Now that said, the web is a different medium than paper, in that it can be edited after the fact. If a posting is illegal in some way, then operators should have a responsibility to remove the posting after it has been made, under a clearly defined set of rules. If these rules are ignored, then the site owner/operator could be seen to have liability. But it's impossible to control everything that users may post on the provided platform.

8 ( +10 / -2 )

Mmm, there's no 'It depends' button.....responsible for users posting illegal stuff, no; for leaving it up there once it's been brought to their attention, or for not monitoring their boards properly and in good faith (removing illegal stuff, not opinions they don't agree with or comments that don't take the conversation in the direction they want), yes.

8 ( +11 / -3 )

It depends, really. I voted No in general, but I think they should be held responsible in three cases:

As Cleo said above- for not removing the content and failing to monitor the board for clearly illegal activity. Second case, if they notice the threat, and remove it, but fail to notify the police. Third case, if the police gets involved, and they refuse to collaborate by providing user login data or other info which would help catch the perpetrator.

1 ( +2 / -1 )

operators should have a responsibility to remove the posting after it has been made, under a clearly defined set of rules.

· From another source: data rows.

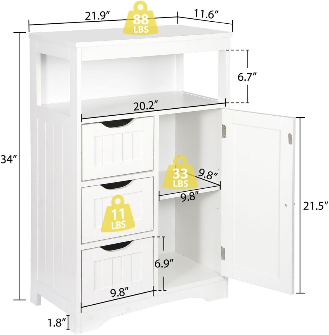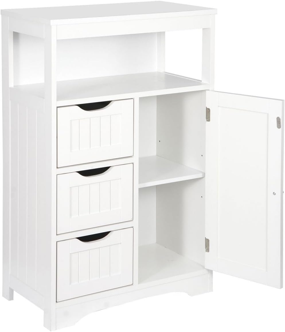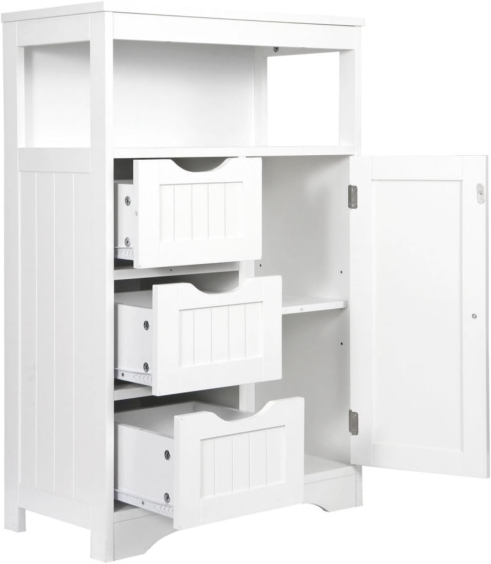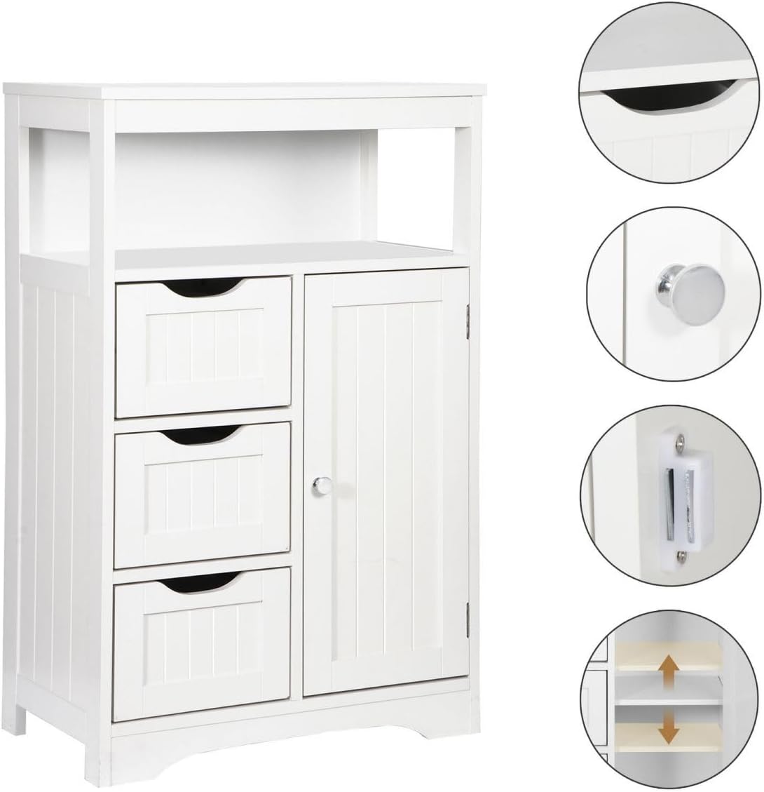 White Bathroom Floor Cabinet Wooden Storage Organizer with 1 Door and 3 Drawers, Free-Standing Cupboard for Kitchen/Living Room/Bathroom Use
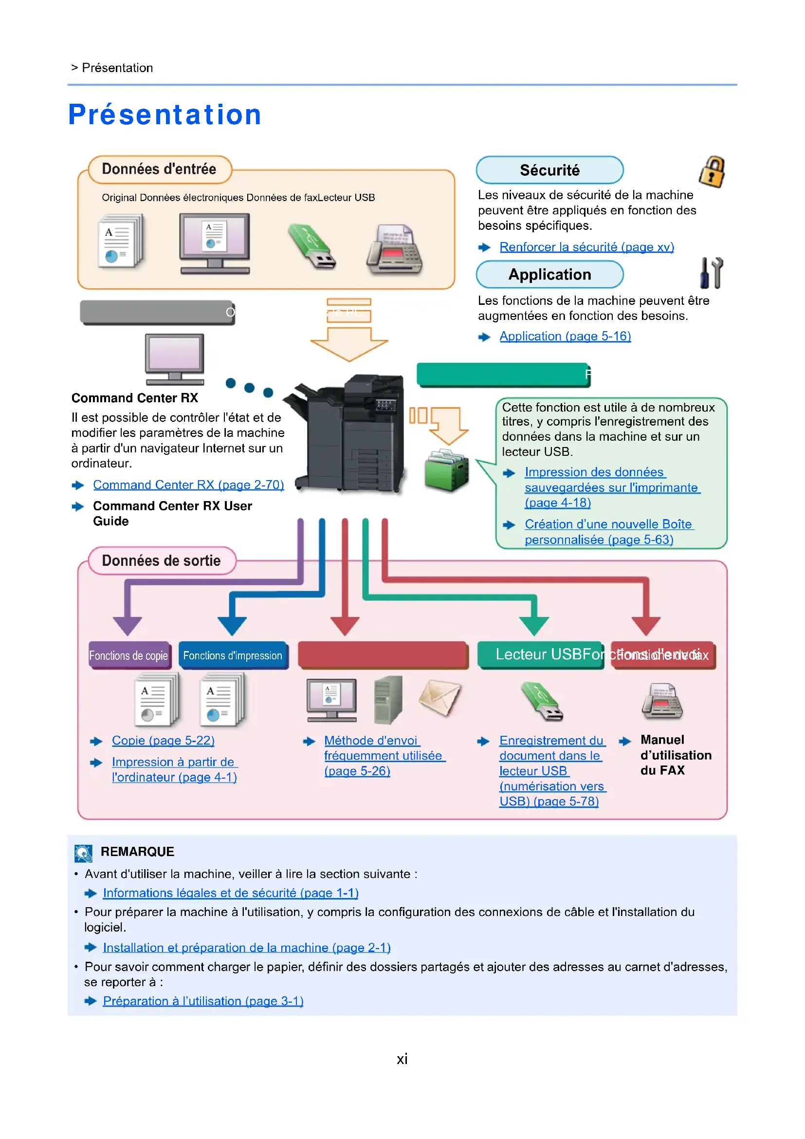 - Pour savoir comment charger le papier, définir des dossiers partagés et ajouter des adresses au carnet d'adresses, se reporter à :Préparation à l’utilisation (page 3-1) Opérations depuis le PCOpérations depuis le PC Fonctions de copie Fonctions d'impression Fonctions de fax Lecteur USBFonctions d'envoi Fonctions boîte de documentFonctions boîte de document Original Données électroniques Données de faxLecteur USB Données de sortie Données de sortie Application Sécurité Données d'entrée Données d'entrée Manuel d’utilisation du FAXCette fonction est utile à de nombreux titres, y compris l'enregistrement des données dans la machine et sur un lecteur USB.Impression des données sauvegardées sur l'imprimante (page 4-18)Création d’une nouvelle Boîte personnalisée (page 5-63)Les fonctions de la machine peuvent être augmentées en fonction des besoins.Application (page 5-16)Les niveaux de sécurité de la machine peuvent être appliqués en fonction des besoins spécifiques.Renforcer la sécurité (page xv)Méthode d'envoi fréquemment utilisée (page 5-26)Command Center RXIl est possible de contrôler l'état et de modifier les paramètres de la machine à partir d'un navigateur Internet sur un ordinateur.Command Center RX (page 2-70)Command Center RX User GuideCopie (page 5-22)Impression à partir de l'ordinateur (page 4-1)Enregistrement du document dans le lecteur USB (numérisation vers USB) (page 5-78)xii > Caractéristiques de la machine Caractéristiques de la machine La machine est dotée de nombreuses fonctions utiles. Utilisation de différentes fonctions (page 6-1) Voici quelques exemples. Optimiser le flux de travail au bureau Accéder aux fonctions courantes d'un simple geste (Favoris) Il est possible de prédéfinir des fonctions courantes. Lorsque des paramètres fréquemment utilisés sont enregistrés dans les favoris, il est possible de les rappeler facilement. L'utilisation de ce favoris apporte les mêmes résultats, même s'il est utilisé par une autre personne. Programme (page 5-12) Interrompre les autres travaux en cours d'exécution et exécuter immédiatement le travail de copie (Interruption de copie) Il est possible d'interrompre les autres travaux en cours d'exécution et d'exécuter immédiatement le travail de copie. Lorsque d'autres utilisateurs copient un grand nombre de feuilles, cette fonction permet d'interrompre ces travaux et d'effectuer des copies immédiatement. Lorsque l'interruption de copie se termine, la machine reprend les travaux d'impression en pause. Interruption de copie (page 5-25) Vérifier la finition avant de copier un grand nombre de feuilles (Copie épreuve) Il est possible d'effectuer la copie d'une feuille avant de copier un grand nombre de feuilles. Cela permet de vérifier le contenu et la finition et de copier le nombre de feuilles désiré sans numériser encore l'original si le résultat est satisfaisant. Pour effectuer des modifications, il est possible de modifier les paramètres et d'effectuer à nouveau la copie d'une seule feuille. Copie épreuve (page 5-24) Optimiser le flux de travail au bureau Numériser des originaux de formats différents en une seule fois (Originaux mixtes) Utile lors de la préparation des matériels de conférence. Il est possible de définir des originaux de formats différents en une seule fois afin de ne pas avoir à réinitialiser les originaux quel que soit leur format. Format d’originaux différents (page 6-21) Numériser un grand nombre d'originaux en lots séparés et produire un seul travail (Numérisation continue) Utile lors de la préparation de documents contenant de nombreuses pages. S’il n’est pas possible de placer un grand nombre d’originaux dans le chargeur de documents à la fois, il est possible de numériser les originaux dans des lots séparés puis de les copier ou envoyer dans un travail unique. Numérisation continue (page 6-74) Effectuer un seul envoi avec plusieurs options d'envoi (Envoi multiple) Il est possible d'envoyer un même document à plusieurs destinataires en utilisant une méthode différente. Il est possible de spécifier plusieurs destinataires aux méthodes d'envoi différentes comme E-mail, SMB et fax. Le flux de travail est ainsi réduit en envoyant le travail en une seule fois. Envoi vers différents types de destinataires (Envoi multiple) (page 5-44) 1~10
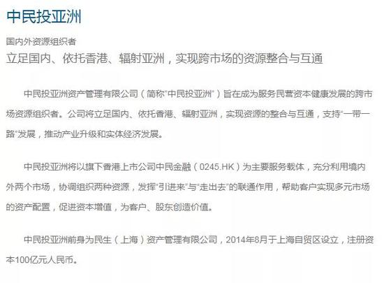 爆料人还提到,中民金融为中民投亚洲资产管理有限公司(简称:中民投亚洲)旗下子公司。

Its a double-edged sword though. Those same rules and the privilege of editing and deletion will be abused for political purposes that will be just as deadly as anything individuals can publish on the web.

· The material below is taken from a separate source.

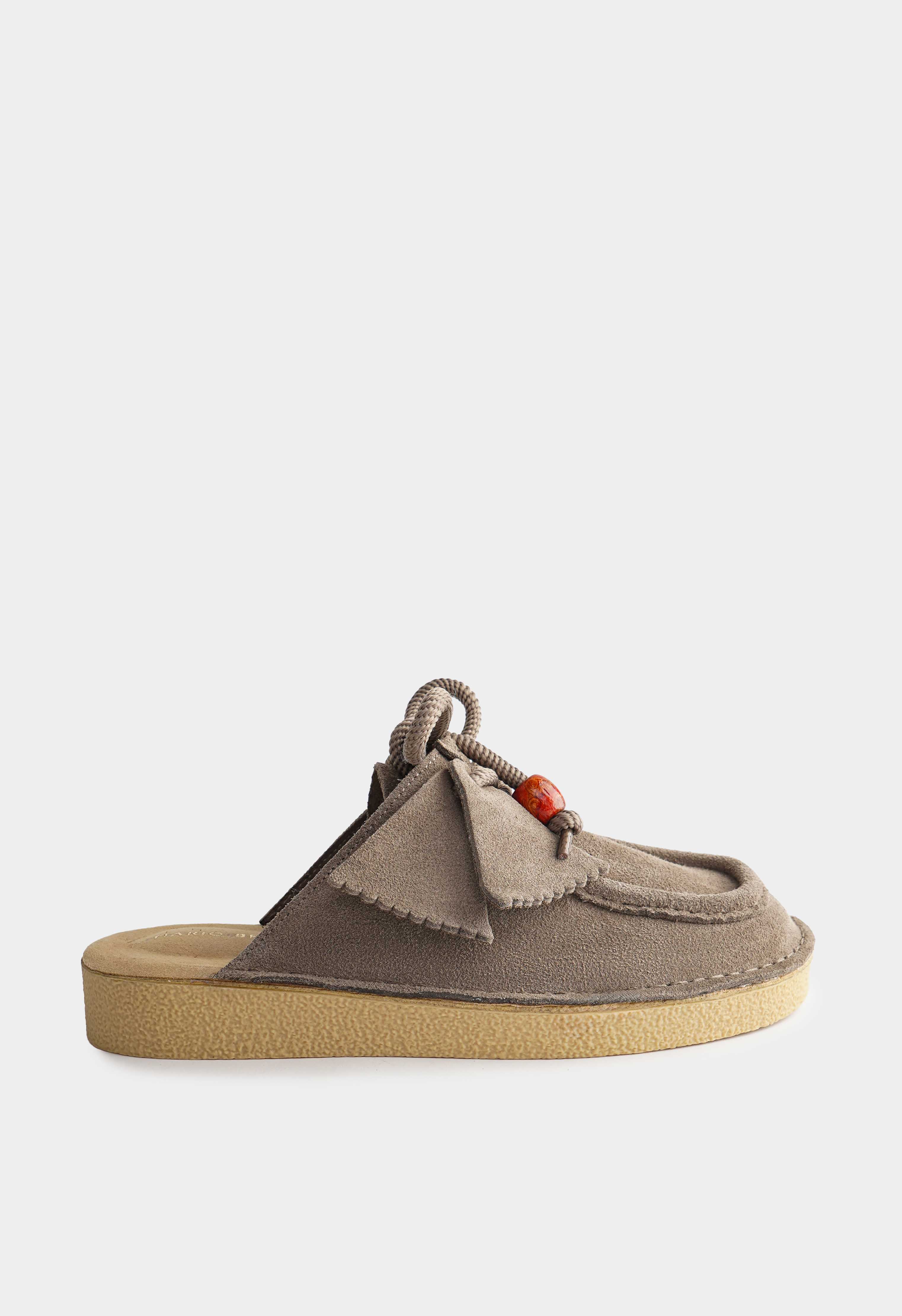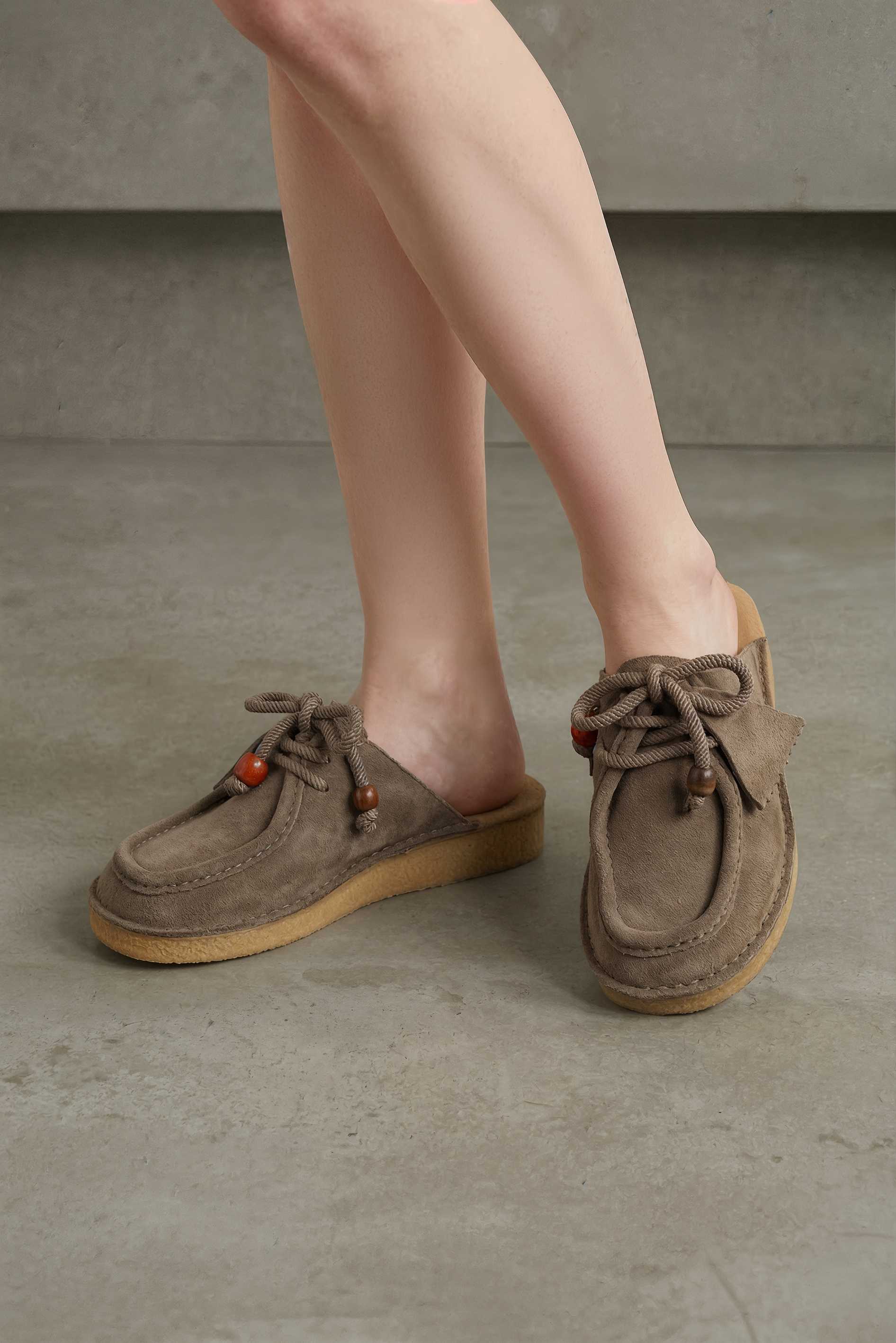 Серые пантолеты из натуральной замши – уютная пара с мягким пастельным оттенком и выразительными деталями. Бархатистая замша смотрится нежно и аккуратно, округлый мысок создает комфортный мягкий силуэт. Декоративная шнуровка с объемным узлом и яркими бусинами добавляет игривый акцент и делает модель заметной даже в простом образе. Платформа приподнимает и визуально вытягивает силуэт, а жесткая подошва держит форму и дает стабильную опору.

I would rather go with pure freedom of speech. It helps us identify the crazies. Shutting them up tends to do them a favor and allow them to fester underground until BOOM.

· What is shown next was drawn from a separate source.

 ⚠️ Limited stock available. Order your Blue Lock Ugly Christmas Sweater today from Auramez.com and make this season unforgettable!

Anyway, death threats. How often are the words "I am going to kill you! uttered every day. How many deaths? How many arrests?

Bomb making plans. You still have to obtain the materials. And not blow yourself up assembling them. I think those two safeguards are enough to live with plans on the web.

Notices of intent to commit crimes? Oh come on! That is like a gift! You type back that all police will be on vacation that day!

1 ( +3 / -2 )

I voted "Yes", but only because there is no middle option. I want to qualify it, though, by saying I only think they should be held accountable IF they keep the content up there and/or make no effort to contact authorities if the message is threatening violence. If something is put up but soon taking off by the site owners, and reported if necessary, then no.

-4 ( +4 / -7 )

Absolutely not. Erring in the direction of more freedom of speech is always the right path.

Besides, if these things are posted, the people who post them can be easily identified and arrested. What's the harm?

1 ( +3 / -2 )

This is one of those "who watches the watchers" situations. If you're going to limit free speech on the Internet, who gets to limit it? The government? Corporations? Of course you can regulate your own site how you see fit: JT mods delete my comments all the time, and that's their prerogative, as it's THEIR website, and they get to decide what message is displayed on their medium. If I want, I can build my own website, with blackjack, and hookers, and promote my own message.

Censoring the internet is a VERY slippery slope, and as Pandabelle said, "Erring in the direction of freedom of speech is ALWAYS the right path." Once rights are taken away, it's difficult to regain them. So, No, absolutely not. Criminal liability for website owners is ludicrous and on freedom of speech (especially on the Internet) should not be infringed.

3 ( +3 / -0 )

There are a hell of lot of influences at work on private websites, such as sponsors and government, even if none of it is "official". If there is no freedom of speech on the private sites that make up the majority of the web, then there is no real freedom of speech.

You can put up a site on the web if you want, but who is going to look at it? Our information and thoughts are being controlled by various forces limiting speech on the web. And that is why I advocate protections that even private sites cannot dismiss.

-2 ( +1 / -3 )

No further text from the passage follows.